Gov. J.B. Pritzker touted Illinois' state budget Thursday morning, calling it a "giant step forward to true fiscal stability."
"It's been said that a budget is a moral document because it reflects our society's priorities," Pritzker said during a news conference in Chicago. "This year's budget was especially challenging because it comes with the knowledge that we must not only rebuild from our pandemic losses, but also attempt to overcome the structural imbalance that has plagued Illinois' finances for decades."
"So it's with great pride that I tell you the fiscal year 2022 budget is a responsible balance, addressing the pain of the pandemic, while investing in a thriving future for the people of Illinois," Pritzker said. "It's a balanced budget that achieves a level of fiscal prudence not seen in our state for two decades. For the first time since 2001, Illinois is paying its bills on time. We are also paying off pandemic borrowing early, we're meeting our full pension obligation, and we're saving taxpayers tens of millions of taxpayer dollars along the way.

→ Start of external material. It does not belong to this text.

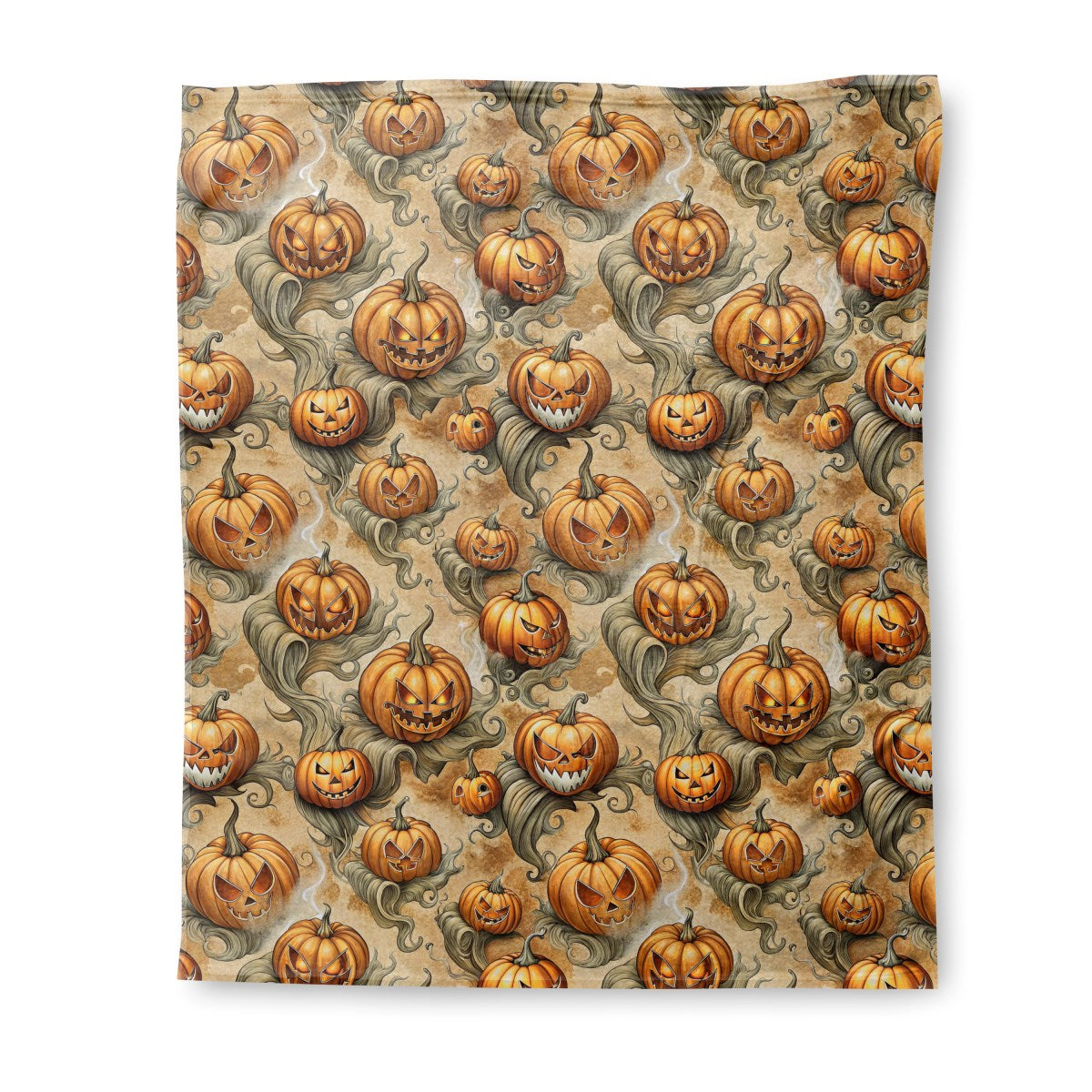 This is a spooky, seamless Halloween pattern of menacing jack-o'-lanterns. Each pumpkin features a unique, glowing, evil face and rests on gnarled, swirling tendrils against a textured, parchment-like background, creating an eerie and festive design.

"We did this because we're keeping our operating budget flat, aside from education and critical life-saving human services. We made cuts that address the structural imbalance that has too often hurt our state's working families," he continued. "That means we're cutting over half a billion dollars in recurring spending on corporate tax loopholes, the benefits of which went to international businesses, most of whom made hefty profits, even during the global pandemic."
"Managing our state's spending, reducing our debt, paying our bills on time and making structural fixes doesn't solve all of Illinois fiscal challenges, but it demonstrates a positive change in the direction of our finances," Pritzker said. "After the most difficult year in memory, Illinois is making a major comeback."
The Illinois Legislature during the spring session worked past its May 31 deadline and into the early morning hours of June 1 to approve the $42 billion state budget, based on tax revenue sources that rebounded much faster from the global pandemic than expected and including $2.5 billion in spending from a multiyear federal relief package.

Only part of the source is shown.